Me lo envió por WhatsApp y yo le contesté que debía ser una inocentada. Se trataba de un ejemplar del BOE fácilmente editable en PDF por cualquier adolescente con ínfulas de Youtuber. Busqué la fecha -29 de diciembre- y alguna pista de falsificación. Abrí el navegador y tecleé "Pablo Iglesias BOE" y se extendieron ante mí varias noticias reflejando lo que mi padre me había enviado por mensajería instantánea y yo pensaba que era una broma. Al antiguo líder de Podemos y ex vicepresidente del Gobierno le ha sido concedida -junto a otros muchos ex ministros- la Gran Cruz de la Real y Distinguida Orden Española de Carlos III por los servicios prestados a la nación y a la Corona.

Volaron a mi mente los recuerdos de Pablemos dando la mano al rey al recibir una beca universitaria, y posteriormente, ya en primera línea de la política patria, regalándole al monarca un pack de la serie Juego de tronos. Aquello fue algo así como decirle que si pudiera le cortaría la cabeza como a Ned Stark, pero en educado.

Iglesias es un tipo taimado e inteligente así que a buen seguro estará valorando las únicas dos opciones existentes: aceptar o no el honor. Que un autoproclamado neocomunista republicano reciba una joya honorífica por haber servido bien a la Corona manda cojones, la verdad. Quizá la rechace. Es lo que alguien que valora su propia dignidad haría. He ahí la trampa, la afrenta. Es lo contrario al win-win (o sea, un lose-lose): haga lo que haga, Iglesias la caga (y Sánchez sonríe). Dicho lo cual, pienso que merece la Gran Cruz, no así Maxim Huertas.

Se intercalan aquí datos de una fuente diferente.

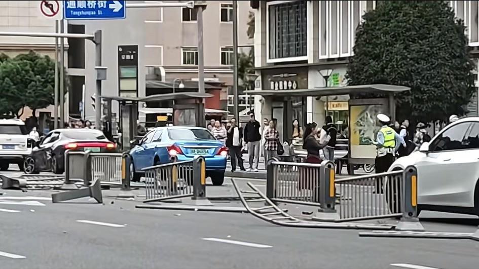 更令人揪心的是,越野车在撞毁出租车后仍未停下,继续冲撞路中隔离栏,撞开数截护栏后驶入对向车道。最终,6辆轿车、1辆电动车和1名行人遭殃。

La mente humana es intrincada. Con motivo de este episodio tan simpático asocié a Pablo regalándole la serie a Felipe VI y me pregunté: ¿por qué no le regaló Canción de hielo y fuego, de JRR Martin? Supongo que eso hubiera demostrado un cierto aprecio al rey. Reconozco que adoro obsequiar libros a la gente que quiero y me importa. Nada hay más honroso que regalar esa parte de tu alma que es el recuerdo de un libro que te ha enamorado a otra persona. Supongo que los jóvenes, ahora, se darán un abono de temporada para jugar al Fornite o un juego para la Switch, pero en mi época lo suyo era decirle que la querías con un diamante, digo con un libro.

El gurú del baloncesto NBA, el entrenador de los Bulls de Jordan y los Lakers de Bryant, Phil Jackson, regalaba a sus jugadores volúmenes que elegía personalmente para cada uno en función de los aspectos de su vida o su juego que deseaba potenciar o desarrollar. Ello demuestra respeto e inteligencia. Supongo que hay gente que regala libros por cumplir -especialmente si son best-sellers navideños- pero cuando pienso en comprarle un ejemplar a alguien suelo ponerme en su pellejo y trato de adivinar si le gustaría. Pocas cosas hay más satisfactorias para mí que descubrir la expresión en el rostro de la persona que desenvuelve mi regalo con forma de libro y que, adivinan bien, es un libro.

Otra asociación de ideas: ¿le habrá regalado Pedro Sánchez su Manual de resistencia a Iglesias? Supongo que sí. Yo pagaría por leer la dedicatoria del presidente del Gobierno al marido de Irene Montero.